**Task:** Only the text carries over: repeat the records exactly and drop the images.

**Task inputs:**

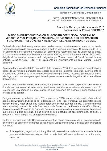 Derivado de las violaciones graves a derechos humanos consistentes en la detención arbitraria y desaparición forzada cometidas en agravio de tres jóvenes, ocurrida el 19 de marzo de 2016 en el municipio de Papantla, Veracruz, así como por la retención ilegal de un menor de edad, la Comisión Nacional de los Derechos Humanos (CNDH) emitió la Recomendación 6VG/2017, dirigida al Gobernador de ese estado, Miguel Ángel Yunes Linares; al Fiscal General de esa entidad, Jorge Winckler Ortiz, y al Presidente del Ayuntamiento en cita, Marcos Romero Sánchez.
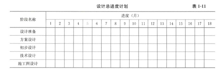 设计总进度计划主要用来安排自设计准备开始至施工图设计完成的总设计时间内所包含的各阶段工作的开始时间和完成时间,从而确保设计进度控制总目标的实现。该计划的表式见表1-11。
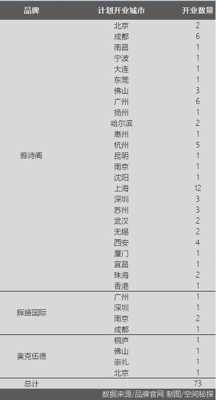 通过对雅诗阁、奥克伍德、辉盛这几家头部服务式公寓开业计划的梳理,空间秘探发现,在几家品牌的开业计划中,未来预计有73家新开业服务式公寓,其中有46家坐落于非一线城市,占总数的63%,可见对下沉市场之重视。而如果再细看这些服务式公寓品牌的已开业酒店,不难发现,国际服务式公寓在不少二三线城市早有布局。下沉,已在无声中呐喊。
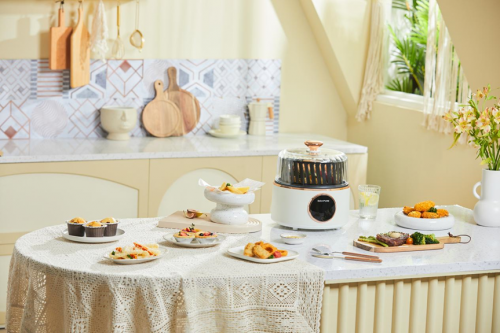 使用AIR-source热能3D空气炸技术,腔体内部均匀受热。利用高速空气循环技术,并且将快速循环热空气和内部螺旋形纹路的独特结合从而使烹饪效果达到油炸食物的效果和口感。铝合金平面加热板内嵌1500W独立发热管加热。通过不同锅具(深锅、煎锅)底部进行加热,从而加热食物。
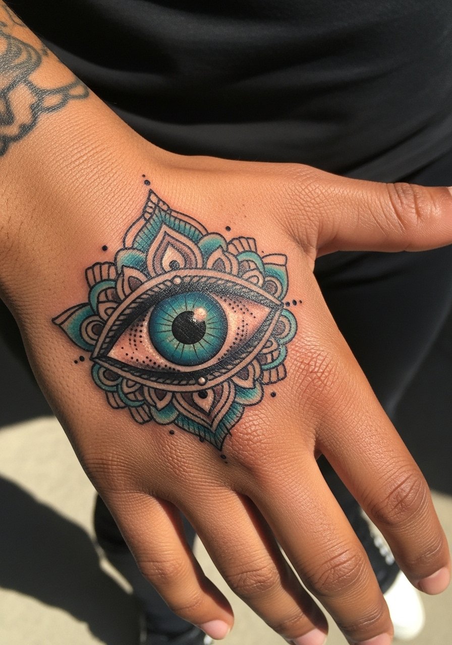 This protective motif reads well on the side of the hand and is easy to conceal with sleeves or larger jewelry. Color accents look striking but will need SPF protection to retain vibrancy. During consultation say you want concentrated black outline with small color fills so touch-ups focus on color only. Sessions are usually one visit under an hour. Pain is moderate near the thumb base. A common misstep is asking for too many tiny colors in the iris, which can turn patchy as pigments migrate.
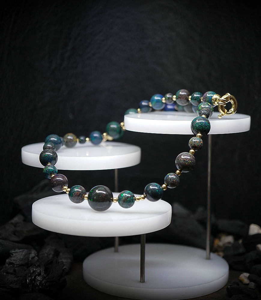 Diamètre des perles d'opales / 0,6cm / 0,8cm / 1 cm et la perle centrale 1,4 cm
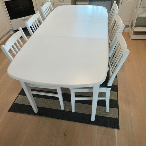 4 valkoista keinonahkatuolia, myydään koska ostetaan 6hengen ryhmä, todella siisti, istuttu tosi vähän tuoleissa, kuva pyydettäessä whatsuppiin
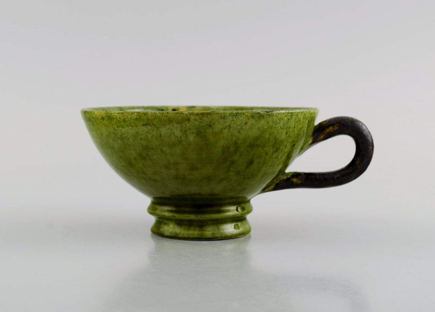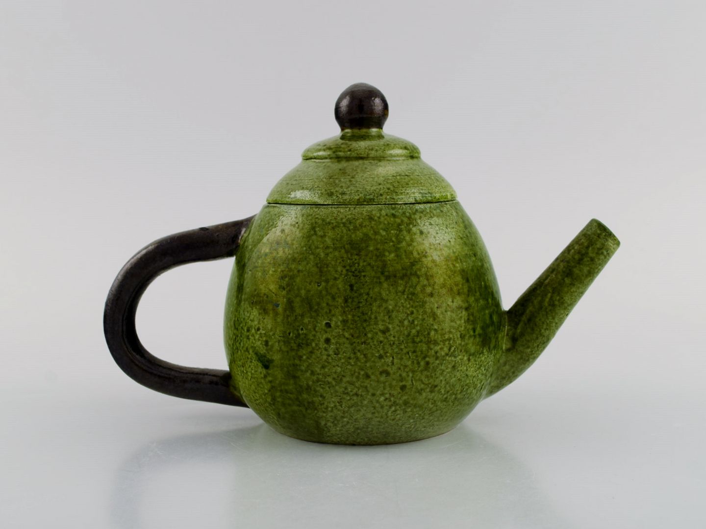 Suzanne Ramie (1905-1974) for Atelier Madoura. Egoist tesæt i glaseret stentøj. Smuk glasur i grønne nuacer. Midt 1900-tallet.
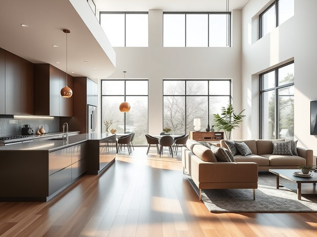 Nie zapomnij o oświetleniu. Planuj je warstwowo — zastosuj oświetlenie zadaniowe w kuchni oraz dekoracyjne w salonie. Dobrze sprawdzą się także dywany i ażurowe przepierzenia, które podkreślają podziały stref. Utrzymuj jednolitość kolorystyki oraz koordynację materiałów, aby stworzyć przyjemne i spójne wizualnie wnętrze.
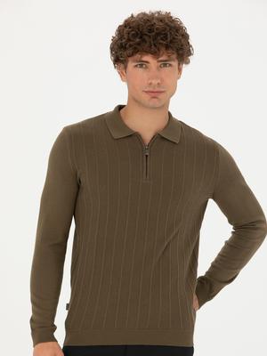 - Koyu Haki Slim Fit Fermuarlı Polo Yaka Triko Kazak

**Output:**
 Derivado de las violaciones graves a derechos humanos consistentes en la detención arbitraria y desaparición forzada cometidas en agravio de tres jóvenes, ocurrida el 19 de marzo de 2016 en el municipio de Papantla, Veracruz, así como por la retención ilegal de un menor de edad, la Comisión Nacional de los Derechos Humanos (CNDH) emitió la Recomendación 6VG/2017, dirigida al Gobernador de ese estado, Miguel Ángel Yunes Linares; al Fiscal General de esa entidad, Jorge Winckler Ortiz, y al Presidente del Ayuntamiento en cita, Marcos Romero Sánchez.
 设计总进度计划主要用来安排自设计准备开始至施工图设计完成的总设计时间内所包含的各阶段工作的开始时间和完成时间,从而确保设计进度控制总目标的实现。该计划的表式见表1-11。
 通过对雅诗阁、奥克伍德、辉盛这几家头部服务式公寓开业计划的梳理,空间秘探发现,在几家品牌的开业计划中,未来预计有73家新开业服务式公寓,其中有46家坐落于非一线城市,占总数的63%,可见对下沉市场之重视。而如果再细看这些服务式公寓品牌的已开业酒店,不难发现,国际服务式公寓在不少二三线城市早有布局。下沉,已在无声中呐喊。
 使用AIR-source热能3D空气炸技术,腔体内部均匀受热。利用高速空气循环技术,并且将快速循环热空气和内部螺旋形纹路的独特结合从而使烹饪效果达到油炸食物的效果和口感。铝合金平面加热板内嵌1500W独立发热管加热。通过不同锅具(深锅、煎锅)底部进行加热,从而加热食物。
 This protective motif reads well on the side of the hand and is easy to conceal with sleeves or larger jewelry. Color accents look striking but will need SPF protection to retain vibrancy. During consultation say you want concentrated black outline with small color fills so touch-ups focus on color only. Sessions are usually one visit under an hour. Pain is moderate near the thumb base. A common misstep is asking for too many tiny colors in the iris, which can turn patchy as pigments migrate.
 Diamètre des perles d'opales / 0,6cm / 0,8cm / 1 cm et la perle centrale 1,4 cm
 4 valkoista keinonahkatuolia, myydään koska ostetaan 6hengen ryhmä, todella siisti, istuttu tosi vähän tuoleissa, kuva pyydettäessä whatsuppiin
 Suzanne Ramie (1905-1974) for Atelier Madoura. Egoist tesæt i glaseret stentøj. Smuk glasur i grønne nuacer. Midt 1900-tallet.
 Nie zapomnij o oświetleniu. Planuj je warstwowo — zastosuj oświetlenie zadaniowe w kuchni oraz dekoracyjne w salonie. Dobrze sprawdzą się także dywany i ażurowe przepierzenia, które podkreślają podziały stref. Utrzymuj jednolitość kolorystyki oraz koordynację materiałów, aby stworzyć przyjemne i spójne wizualnie wnętrze.
 - Koyu Haki Slim Fit Fermuarlı Polo Yaka Triko Kazak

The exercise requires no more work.